THE INPUT =>
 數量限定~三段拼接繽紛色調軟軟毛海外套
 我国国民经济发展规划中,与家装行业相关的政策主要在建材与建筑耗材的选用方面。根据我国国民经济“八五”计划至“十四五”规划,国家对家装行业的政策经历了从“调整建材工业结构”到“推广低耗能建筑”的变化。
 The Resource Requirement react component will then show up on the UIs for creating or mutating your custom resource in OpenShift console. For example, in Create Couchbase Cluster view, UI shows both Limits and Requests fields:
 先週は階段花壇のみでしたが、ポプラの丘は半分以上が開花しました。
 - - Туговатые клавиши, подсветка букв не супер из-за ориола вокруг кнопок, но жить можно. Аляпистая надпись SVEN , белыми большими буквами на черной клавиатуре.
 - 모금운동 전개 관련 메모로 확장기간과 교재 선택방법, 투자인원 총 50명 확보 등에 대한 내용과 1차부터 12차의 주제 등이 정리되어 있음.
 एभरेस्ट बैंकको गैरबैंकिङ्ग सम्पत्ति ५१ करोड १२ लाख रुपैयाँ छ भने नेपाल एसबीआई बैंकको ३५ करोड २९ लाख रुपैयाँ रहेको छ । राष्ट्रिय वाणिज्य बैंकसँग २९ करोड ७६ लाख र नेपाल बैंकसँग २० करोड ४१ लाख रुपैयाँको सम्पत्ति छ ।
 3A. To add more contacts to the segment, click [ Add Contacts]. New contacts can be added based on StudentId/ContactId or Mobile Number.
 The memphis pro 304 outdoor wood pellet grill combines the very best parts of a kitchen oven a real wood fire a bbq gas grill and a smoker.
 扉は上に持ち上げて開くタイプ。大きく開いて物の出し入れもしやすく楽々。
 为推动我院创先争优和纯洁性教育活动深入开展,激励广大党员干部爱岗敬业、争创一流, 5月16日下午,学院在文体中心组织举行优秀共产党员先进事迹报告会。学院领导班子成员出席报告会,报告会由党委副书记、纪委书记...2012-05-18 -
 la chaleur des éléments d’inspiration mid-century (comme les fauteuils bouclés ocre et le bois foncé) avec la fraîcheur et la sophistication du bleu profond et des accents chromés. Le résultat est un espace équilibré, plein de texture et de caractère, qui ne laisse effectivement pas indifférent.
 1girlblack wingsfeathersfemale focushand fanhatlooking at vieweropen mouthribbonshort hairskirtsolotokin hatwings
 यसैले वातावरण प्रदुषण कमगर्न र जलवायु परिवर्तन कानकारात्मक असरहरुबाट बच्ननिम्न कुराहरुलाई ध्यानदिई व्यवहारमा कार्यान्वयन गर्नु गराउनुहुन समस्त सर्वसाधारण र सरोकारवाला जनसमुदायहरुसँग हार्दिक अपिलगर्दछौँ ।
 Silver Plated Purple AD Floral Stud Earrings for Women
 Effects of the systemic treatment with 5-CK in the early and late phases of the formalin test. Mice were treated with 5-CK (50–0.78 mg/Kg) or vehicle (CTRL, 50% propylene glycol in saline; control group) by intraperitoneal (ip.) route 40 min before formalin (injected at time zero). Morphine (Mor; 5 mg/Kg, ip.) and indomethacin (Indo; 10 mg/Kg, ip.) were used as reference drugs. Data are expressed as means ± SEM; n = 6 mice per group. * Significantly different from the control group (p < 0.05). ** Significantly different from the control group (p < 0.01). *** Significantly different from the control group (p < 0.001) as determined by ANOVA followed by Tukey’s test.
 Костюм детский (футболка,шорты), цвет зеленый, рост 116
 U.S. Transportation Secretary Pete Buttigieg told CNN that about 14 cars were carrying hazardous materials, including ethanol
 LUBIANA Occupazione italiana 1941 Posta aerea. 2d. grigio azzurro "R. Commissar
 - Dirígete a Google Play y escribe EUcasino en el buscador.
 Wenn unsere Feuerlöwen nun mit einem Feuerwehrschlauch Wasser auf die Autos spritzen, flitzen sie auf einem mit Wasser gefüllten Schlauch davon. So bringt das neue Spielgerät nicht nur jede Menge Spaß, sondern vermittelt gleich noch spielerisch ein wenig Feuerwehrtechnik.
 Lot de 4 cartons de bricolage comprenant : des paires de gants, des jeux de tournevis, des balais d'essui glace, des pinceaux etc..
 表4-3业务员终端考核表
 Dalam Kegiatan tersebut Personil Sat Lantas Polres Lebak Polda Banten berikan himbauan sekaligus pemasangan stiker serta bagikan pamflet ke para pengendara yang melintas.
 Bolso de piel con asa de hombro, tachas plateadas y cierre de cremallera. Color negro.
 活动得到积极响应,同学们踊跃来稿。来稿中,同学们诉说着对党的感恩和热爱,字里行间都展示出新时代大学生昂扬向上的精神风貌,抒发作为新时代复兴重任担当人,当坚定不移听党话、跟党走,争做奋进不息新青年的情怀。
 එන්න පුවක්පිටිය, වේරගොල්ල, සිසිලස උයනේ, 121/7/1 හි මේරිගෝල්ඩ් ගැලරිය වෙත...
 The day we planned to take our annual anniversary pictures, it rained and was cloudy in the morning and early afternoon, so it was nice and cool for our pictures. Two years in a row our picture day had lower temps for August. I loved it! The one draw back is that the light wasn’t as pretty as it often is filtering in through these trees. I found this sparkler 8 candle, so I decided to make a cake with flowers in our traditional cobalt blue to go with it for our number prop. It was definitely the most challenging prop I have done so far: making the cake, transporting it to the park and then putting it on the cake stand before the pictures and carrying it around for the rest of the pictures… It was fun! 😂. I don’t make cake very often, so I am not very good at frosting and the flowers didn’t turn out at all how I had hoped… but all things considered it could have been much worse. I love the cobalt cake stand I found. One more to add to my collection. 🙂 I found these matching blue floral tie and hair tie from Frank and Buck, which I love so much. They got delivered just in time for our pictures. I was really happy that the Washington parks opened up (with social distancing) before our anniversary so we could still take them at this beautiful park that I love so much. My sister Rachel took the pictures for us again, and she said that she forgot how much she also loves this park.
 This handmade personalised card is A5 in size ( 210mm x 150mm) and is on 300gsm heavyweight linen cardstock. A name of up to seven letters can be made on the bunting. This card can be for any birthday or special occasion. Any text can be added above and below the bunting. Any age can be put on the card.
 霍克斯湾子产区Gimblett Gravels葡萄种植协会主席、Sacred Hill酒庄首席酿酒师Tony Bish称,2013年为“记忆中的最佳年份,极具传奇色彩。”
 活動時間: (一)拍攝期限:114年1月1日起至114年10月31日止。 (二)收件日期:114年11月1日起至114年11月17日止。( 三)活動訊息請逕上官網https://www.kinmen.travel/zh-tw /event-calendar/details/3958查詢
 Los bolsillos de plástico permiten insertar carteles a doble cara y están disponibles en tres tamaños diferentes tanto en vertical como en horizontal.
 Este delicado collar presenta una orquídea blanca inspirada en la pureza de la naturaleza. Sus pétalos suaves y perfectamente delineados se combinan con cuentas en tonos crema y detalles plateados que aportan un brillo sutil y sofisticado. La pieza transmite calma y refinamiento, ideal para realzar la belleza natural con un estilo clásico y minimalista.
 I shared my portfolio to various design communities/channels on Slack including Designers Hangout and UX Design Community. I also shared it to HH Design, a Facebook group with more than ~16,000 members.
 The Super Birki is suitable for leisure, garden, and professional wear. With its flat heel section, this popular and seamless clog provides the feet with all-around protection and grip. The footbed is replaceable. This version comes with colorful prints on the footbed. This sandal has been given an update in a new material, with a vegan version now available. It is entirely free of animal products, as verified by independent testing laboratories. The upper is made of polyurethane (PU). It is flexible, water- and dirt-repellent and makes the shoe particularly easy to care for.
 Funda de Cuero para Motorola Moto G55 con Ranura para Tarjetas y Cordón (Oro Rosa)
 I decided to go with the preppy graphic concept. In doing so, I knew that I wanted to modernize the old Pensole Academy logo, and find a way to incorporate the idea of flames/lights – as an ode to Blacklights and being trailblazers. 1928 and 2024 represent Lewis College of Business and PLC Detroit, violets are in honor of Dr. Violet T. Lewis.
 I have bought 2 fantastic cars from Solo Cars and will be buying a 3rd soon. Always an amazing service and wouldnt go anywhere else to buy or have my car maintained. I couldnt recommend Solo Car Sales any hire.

TO DO =>
Start at the first line of the entries and stop at the line that contains "- 모금운동 전개 관련". Repeat every line in that span exactly, and nothing beyond it.

RESULT OF THE EXERCISE =>
 數量限定~三段拼接繽紛色調軟軟毛海外套
 我国国民经济发展规划中,与家装行业相关的政策主要在建材与建筑耗材的选用方面。根据我国国民经济“八五”计划至“十四五”规划,国家对家装行业的政策经历了从“调整建材工业结构”到“推广低耗能建筑”的变化。
 The Resource Requirement react component will then show up on the UIs for creating or mutating your custom resource in OpenShift console. For example, in Create Couchbase Cluster view, UI shows both Limits and Requests fields:
 先週は階段花壇のみでしたが、ポプラの丘は半分以上が開花しました。
 - - Туговатые клавиши, подсветка букв не супер из-за ориола вокруг кнопок, но жить можно. Аляпистая надпись SVEN , белыми большими буквами на черной клавиатуре.
 - 모금운동 전개 관련 메모로 확장기간과 교재 선택방법, 투자인원 총 50명 확보 등에 대한 내용과 1차부터 12차의 주제 등이 정리되어 있음.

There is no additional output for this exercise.